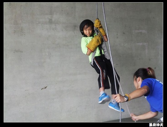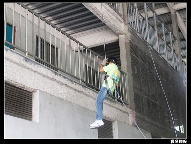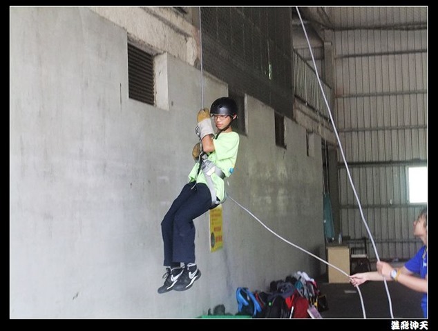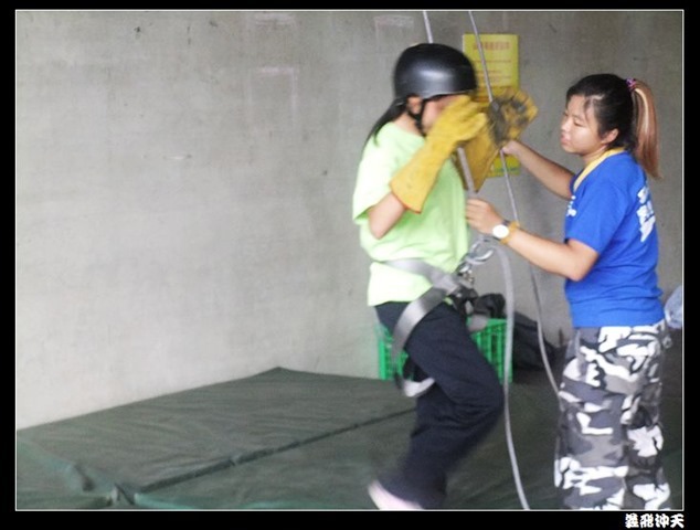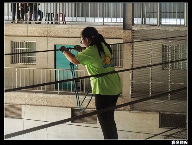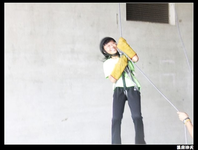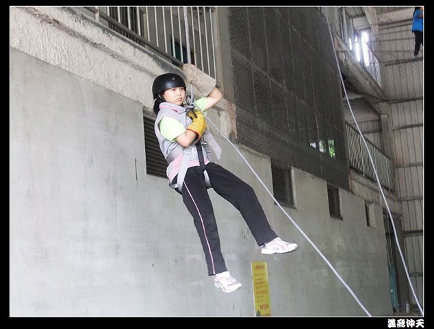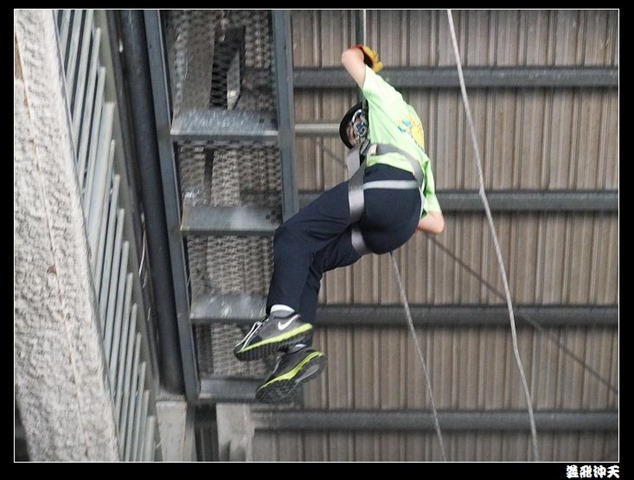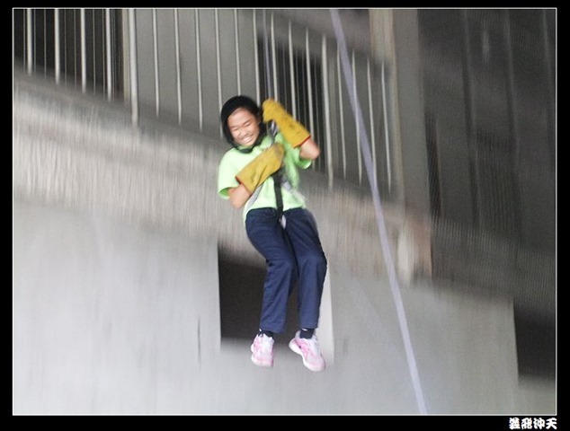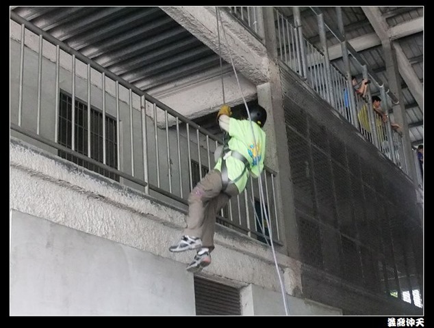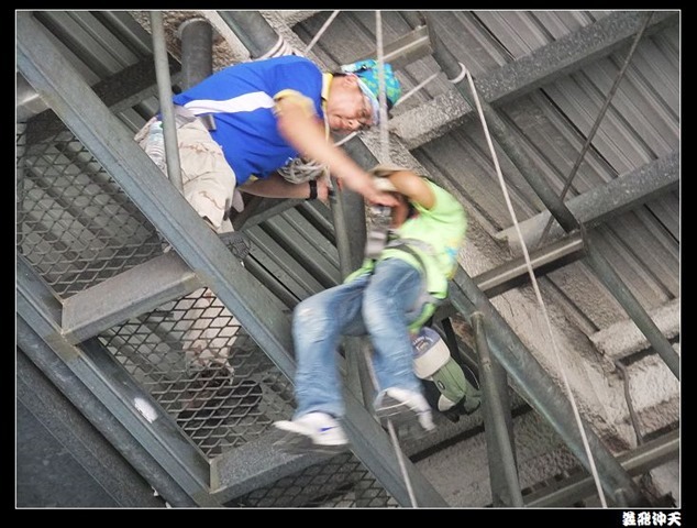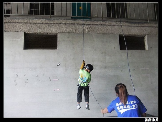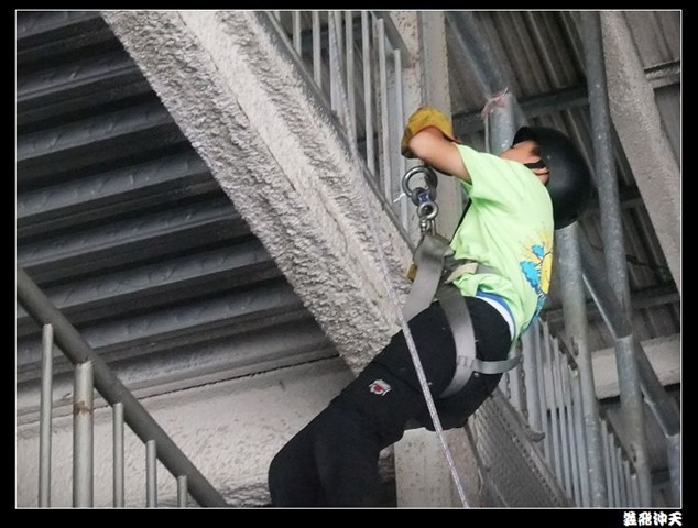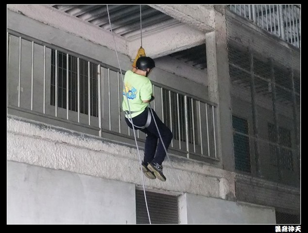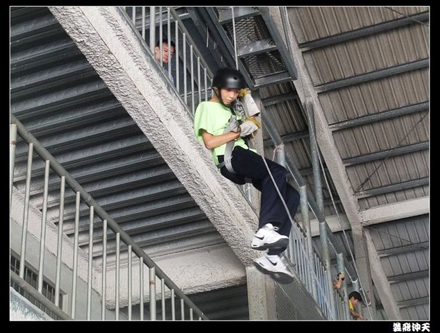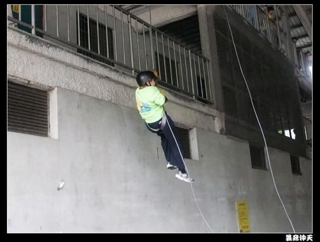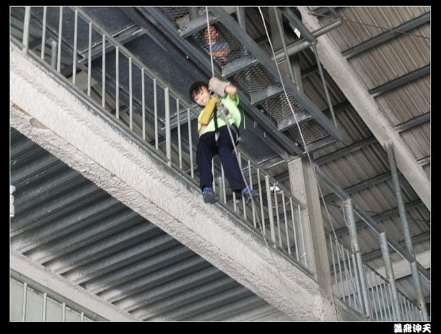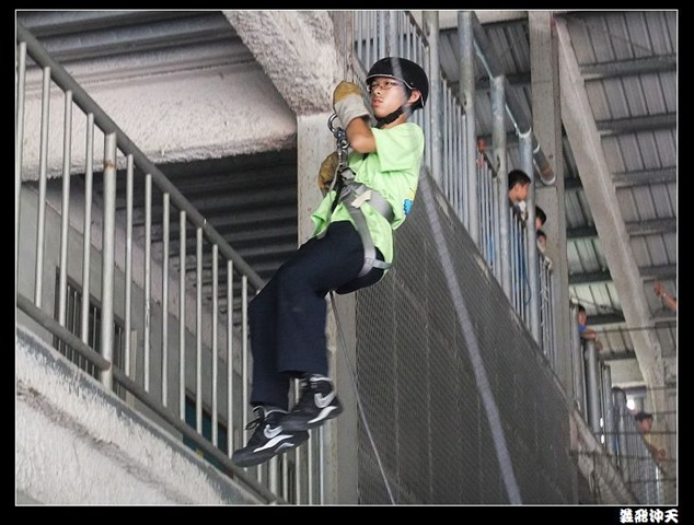 垂降高度達三層樓,這三層樓的高度說高不高,但卻是人類對"高"之恐懼的臨界點,好多人在半推半就之下,終於克服對高的恐懼,兩眼開開準備投胎了(OH……誤,是準備垂降囉)!
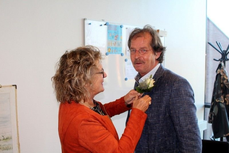 ’s Middags werd hij, samen met zijn vrouw, langs verschillende locaties in Onstwedde gereden. Hij werd daar opgewacht door genodigden die een rol hebben gespeeld in zijn onderwijscarrière. Aan het eind van de dag werd deze afscheidstournee afgesloten met alle (oud)collega’s in Roegh eten en drinken in Vlagtwedde. Hier kreeg hij van zijn team een mooie pentekening, gemaakt door Geert Schreuder, met daarop de scholen in en om Onstwedde waar hij gewerkt heeft.
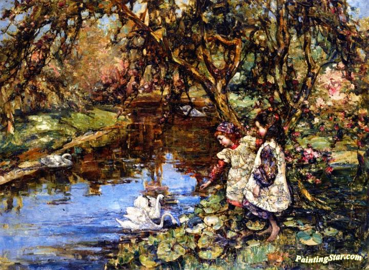 Feeding The Swans, Art Painting by Edward Atkinson Hornel
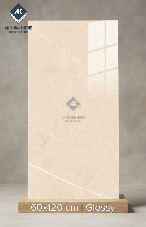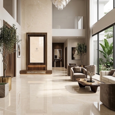Gạch ốp lát ấn độ 60x120 bóng kính kem vân đá sang trọng
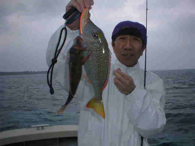 | ん〜〜〜天気が悪い・・・ 前線の影響で北風ピュ〜ピュ〜。 3日間の釣行の内2日間リーフのライトタックルを 楽しんでいただきました。 悪天候ににもかかわらず、釣果はよかった。 フエダイはプリスポーンで活性高し、なかなかです。 年2回の釣行今度は6月にお待ちしています。 悪天候の中お疲れさまでした。 |
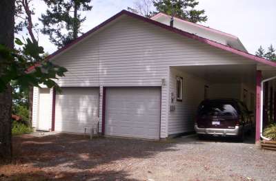 garages is a semi-enclosed carport with a high ceiling and over-height
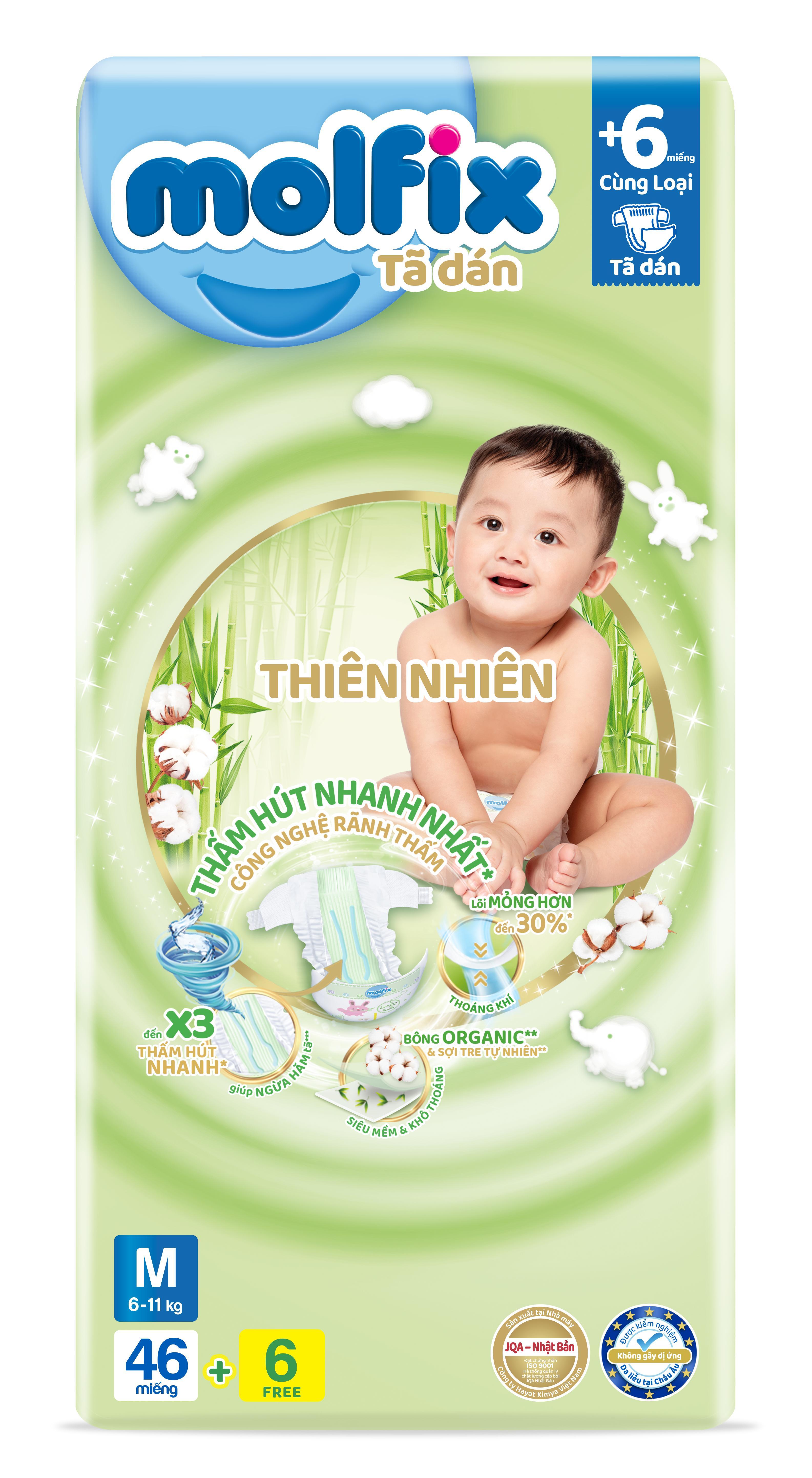 ✨Tã/bỉm dán Molfix Thiên nhiên Jumbo M (6kg - 11kg) - Gói 46+6 miếng
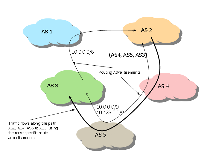 In Figure 1 AS1, originating the route to network 10.0.0.0/8, advertises this prefix as route advertisement that is passed to its adjacent BGP neighbours AS2 and AS3. Both AS2 and AS3 learn the prefix advertisement with an associated path vector of <AS1>. AS2 then advertises this prefix to its neighbour, AS4. AS4 learns of the prefix with an associated path vector of <AS2, AS1>, and so on. AS5 will ultimately learn two announcements for the prefix 10.0.0.0/8, one with a path vector of <AS4, AS2, AS1> and the other with the path vector <AS3, AS1>. AS5 then makes a policy decision as to which route path to accept, which, by default will be the shorter AS path, namely <AS3, AS1>.
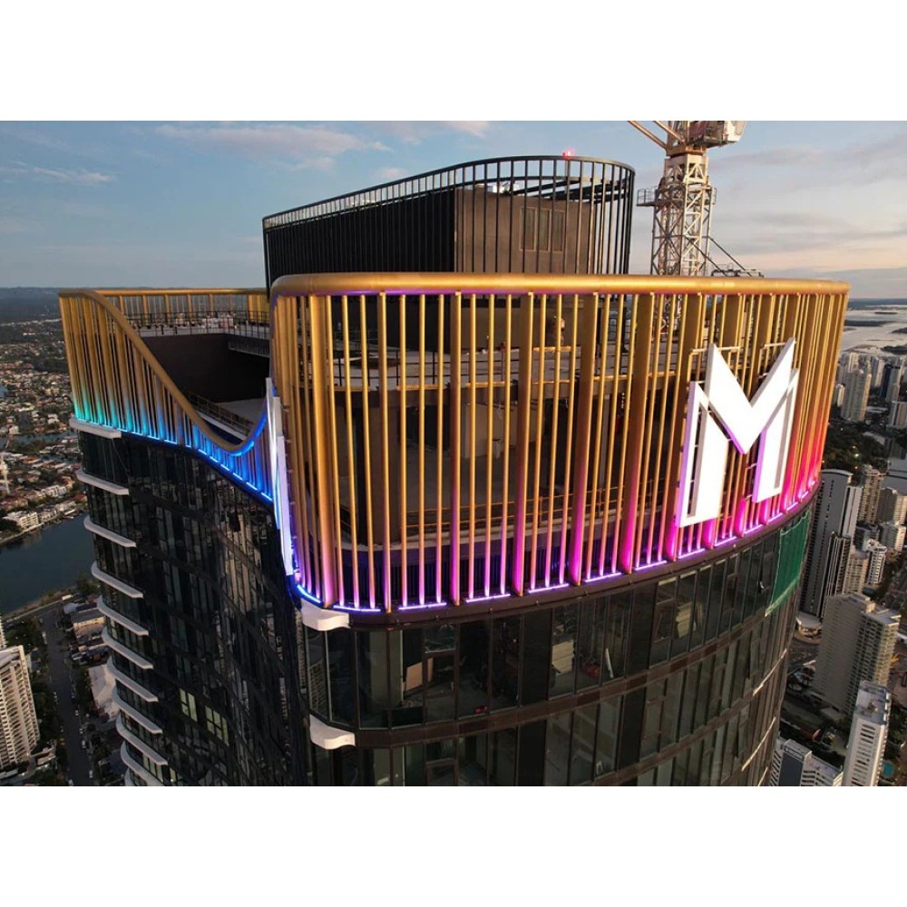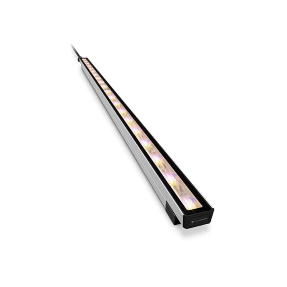 Graze Compact Powercore gen2, RGBW is a high-performance, exterior linear luminaire designed to highlight architectural features like molding details, archways and windows up to two stories high. Graze Compact RGBW luminaires adds a separate white LED creating better-quality whites compared to RGB. Multiple luminaire lengths and beam angles support a large range of façade or surface illumination applications. The brand new low-profile housing, connectorized cabling, a universal power input range, and direct line voltage make Graze Compact luminaires easy to install and operate.
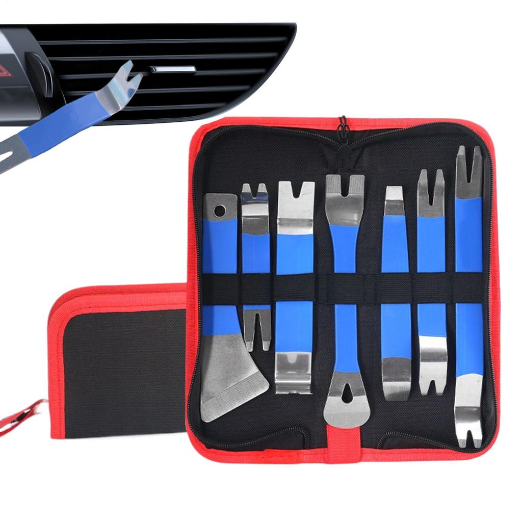 This automotive trim removal tool set is for mechanics and installers working on vehicle interiors and exteriors. It includes pry tools designed to safely remove door panels, window trims, upholstery, and audio components. Ideal for detailing and repair tasks, this versatile 1-set kit also assists with baseboard work. construction ensures reliable performance during automotive projects without causing damage.

- - - -

_Action item_
Give exactly those lines of the listing that run from its first line through the line with "In Figure 1", leaving each picture out.

_Written answer_
 垂降高度達三層樓,這三層樓的高度說高不高,但卻是人類對"高"之恐懼的臨界點,好多人在半推半就之下,終於克服對高的恐懼,兩眼開開準備投胎了(OH……誤,是準備垂降囉)!
 ’s Middags werd hij, samen met zijn vrouw, langs verschillende locaties in Onstwedde gereden. Hij werd daar opgewacht door genodigden die een rol hebben gespeeld in zijn onderwijscarrière. Aan het eind van de dag werd deze afscheidstournee afgesloten met alle (oud)collega’s in Roegh eten en drinken in Vlagtwedde. Hier kreeg hij van zijn team een mooie pentekening, gemaakt door Geert Schreuder, met daarop de scholen in en om Onstwedde waar hij gewerkt heeft.
 Feeding The Swans, Art Painting by Edward Atkinson Hornel
Gạch ốp lát ấn độ 60x120 bóng kính kem vân đá sang trọng
 | ん〜〜〜天気が悪い・・・ 前線の影響で北風ピュ〜ピュ〜。 3日間の釣行の内2日間リーフのライトタックルを 楽しんでいただきました。 悪天候ににもかかわらず、釣果はよかった。 フエダイはプリスポーンで活性高し、なかなかです。 年2回の釣行今度は6月にお待ちしています。 悪天候の中お疲れさまでした。 |
 garages is a semi-enclosed carport with a high ceiling and over-height
 ✨Tã/bỉm dán Molfix Thiên nhiên Jumbo M (6kg - 11kg) - Gói 46+6 miếng
 In Figure 1 AS1, originating the route to network 10.0.0.0/8, advertises this prefix as route advertisement that is passed to its adjacent BGP neighbours AS2 and AS3. Both AS2 and AS3 learn the prefix advertisement with an associated path vector of <AS1>. AS2 then advertises this prefix to its neighbour, AS4. AS4 learns of the prefix with an associated path vector of <AS2, AS1>, and so on. AS5 will ultimately learn two announcements for the prefix 10.0.0.0/8, one with a path vector of <AS4, AS2, AS1> and the other with the path vector <AS3, AS1>. AS5 then makes a policy decision as to which route path to accept, which, by default will be the shorter AS path, namely <AS3, AS1>.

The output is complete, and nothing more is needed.